考察

この症例報告では、早期に発症した低用量HCQ黄斑部毒性の患者を紹介する。

MarmorとMellesは、HCQ毒性発症の最も重大な危険因子は、重量による1日の過剰な投与量と使用期間(これは重要な因子としての投与量と関連している)であることを示している。 これらの著者はまた、網膜毒性の有病率は、≦5.0mg/kgの用量を処方された個人のHCQ使用の最初の5年間で1%未満、最初の10年間で2%未満であることを示した。

当院の患者さんは、短期的な使用において毒性の重大な危険因子を1つ持っていましたが、それは、推奨されている投与量である5mg/kgの実重量以下に抑えることでした。

投与量以外のリスク要因(既往の黄斑症、腎疾患、タモキシフェンの使用)は、この患者にはありませんでした。

さらに、一部の患者にはHCQ中毒の遺伝的素因があり、チトクロームP450遺伝子の多型が血中濃度に影響を与えている可能性が示唆されている。

もう1つの要因として考えられるのは、この患者がHCQ治療と同時に非ステロイド性抗炎症薬(NSAID)であるデクスケトプロフェン・トロメタモールの服用を開始したことである。 両薬剤は肝臓でチトクロームP450酵素により代謝されます。 これらの薬剤がHCQの正常なチトクロームP450の代謝と排泄を阻害し、初期の毒性につながった可能性があります。

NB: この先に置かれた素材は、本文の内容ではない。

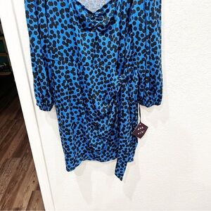 Ava & Viv Dress Women’s 2X Blue Polka Dot Faux Wrap Mini NWT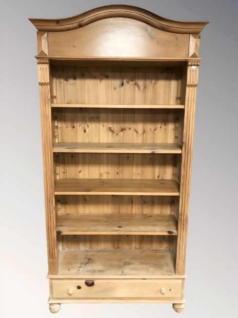 A contemporary pine open bookcase, 110 cm W x 45 cm D x 212 cm H.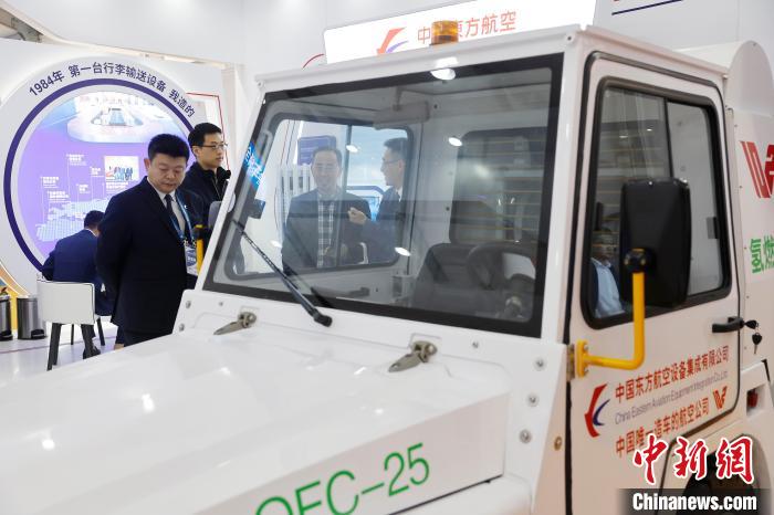 参观者了解东航实业旗下中国东方航空设备集成有限公司新能源特种车辆。中新网记者 殷立勤 摄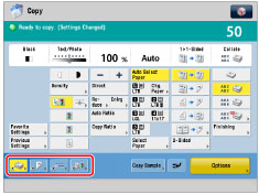 (See "Switching the Copy Basic Features Screen.")You can register up to six desired shortcuts from [Options].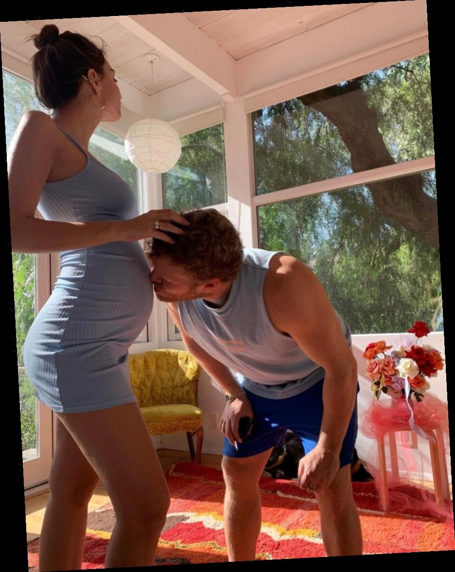 The 29-year-old model and actress, who is expecting her first child with husband Sebastian Bear-McClard, shared a photo of her growing baby bump on Friday. In the adorable image, Ratajkowski wears a form-fitting blue dress while her husband plants a sweet kiss on her stomach.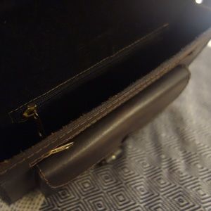 Super cute, boho crossbody bag. Purchased in New Mexico, authentic handmade leather bag. Hardshell and sturdy, buckle type closure. One main compartment with smaller outer pocket. A fun addition to your summer wardrobe!
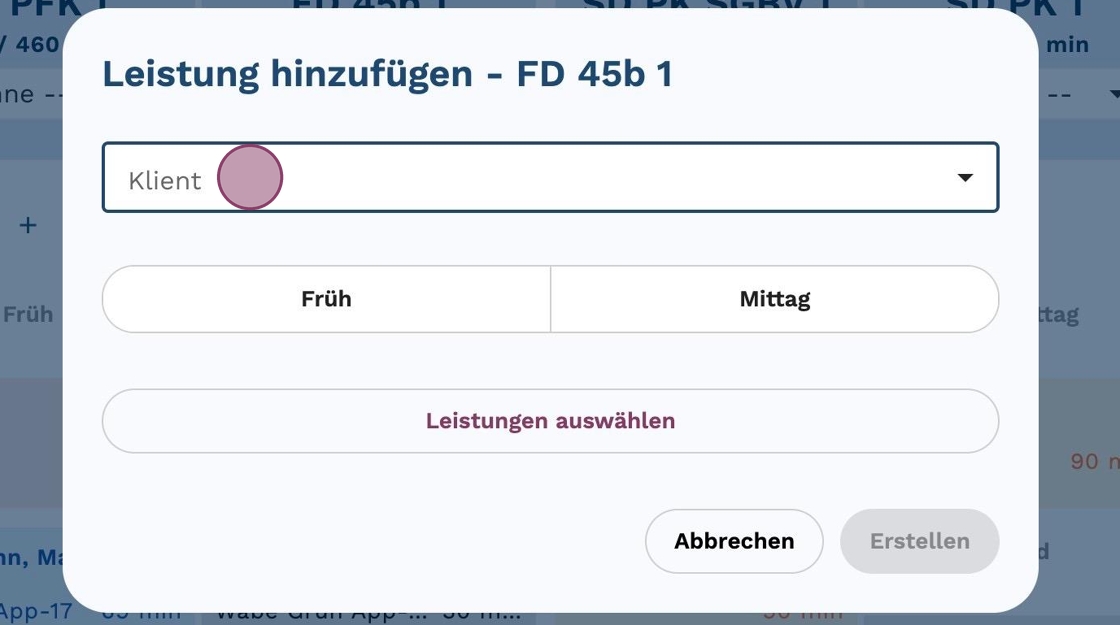 5. Klicke auf das Feld "Klient", um den entsprechenden Klienten auszuwählen.

文献上で唯一紹介されている我々の症例と類似した症例報告では、HCQ 200mg/日を2ヶ月間服用しており、NSAIDsを時々使用し、メトトレキサートを併用していたため、肝臓や腎臓での代謝による薬理学的相互作用が関与している可能性がある。 AAOは、HCQ療法を開始するすべての患者は、薬剤開始後1年以内にベースラインの眼科検査を行い、合併症となる眼の状態を記録し、眼底の外観と機能的状態を記録することを推奨している。 HCQ網膜症の初期リスクが適切な投与量で低く、危険因子がない場合は、年1回のスクリーニングを暴露後5年まで延期してもよい。 高用量かつ長期間の使用、腎疾患の併発、タモキシフェンの使用など、リスクが高い場合には年1回のスクリーニングの早期実施を検討すべきである。 主なスクリーニング検査は、自動視野、スペクトルドメインOCT、多焦点網膜電図、および眼底自発蛍光です。 HCQの網膜症は可逆的ではなく、薬を中止した後も何年も細胞障害が進行する可能性があります。

今回の症例報告のように、短期間の使用でHCQの毒性が発現するということは、黄斑症が多因子性の病因によって引き起こされることを示しているのかもしれません。 毒性のメカニズムを理解するにはさらなる研究が必要である。